>>

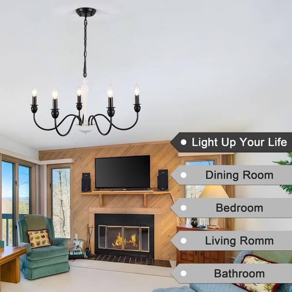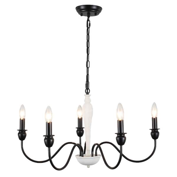 5-Light Black and Distressed White Farmhouse Chandelier Adjustable Height Light Fixture
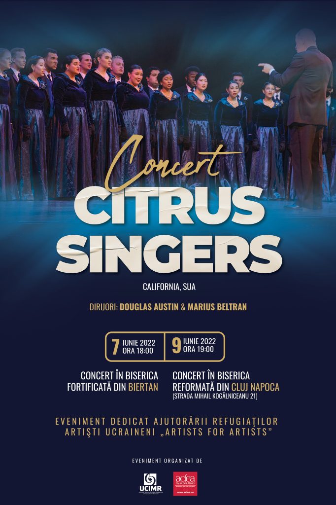 Corul de prestigiu internațional Citrus Singers va sosi în România cu prilejul unui turneu european de amploare. Lucrări emoționante despre triumf și speranță, parte din repertoriul global, vor fi interpretate de cei 45 de membri ai corului Citrus Singers, aflat pentru prima dată în România. Artiștii vor concerta sub bagheta dirijorilor Douglas Austin și Marius Beltran în spații cu calități acustice deosebite:
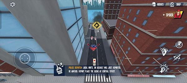 2. 超级英雄战斗・高自由度体验:可自由组合蛛丝缠绕、高空俯冲等招牌技能,搭配多场景战斗模式(街头对决、高空追逃),丰富玩法还原英雄实战感,享受沉浸式战斗乐趣。
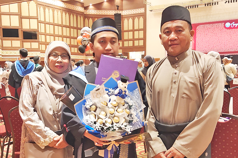 Begitulah yang dikongsi oleh sepasang suami isteri, Awang Mohammad Yussof bin Taai dan Dayang Nooraini binti Abdul Hamid setelah menyaksikan anak sulung mereka, Awang Muhammad Naqib Nasrullah bin Mohammad Yussof, menerima Ijazah Sarjana Muda Sains (Kepujian) dalam Pengkomputeran dengan Analitis Data, semasa ditemui Media Permata ketika berlangsungnya Majlis Konvokesyen Universiti Teknologi Brunei (UTB) di Dewan Plenari, Pusat Persidangan Antarabangsa (ICC), Berakas.

<<

__TO DO__
Once you have returned the line containing "2. 超级英雄战斗・高自由度", stop; begin at the first line of the material, keep each line exact, and skip the pictures.

__ANSWER__
 5-Light Black and Distressed White Farmhouse Chandelier Adjustable Height Light Fixture
 Corul de prestigiu internațional Citrus Singers va sosi în România cu prilejul unui turneu european de amploare. Lucrări emoționante despre triumf și speranță, parte din repertoriul global, vor fi interpretate de cei 45 de membri ai corului Citrus Singers, aflat pentru prima dată în România. Artiștii vor concerta sub bagheta dirijorilor Douglas Austin și Marius Beltran în spații cu calități acustice deosebite:
 2. 超级英雄战斗・高自由度体验:可自由组合蛛丝缠绕、高空俯冲等招牌技能,搭配多场景战斗模式(街头对决、高空追逃),丰富玩法还原英雄实战感,享受沉浸式战斗乐趣。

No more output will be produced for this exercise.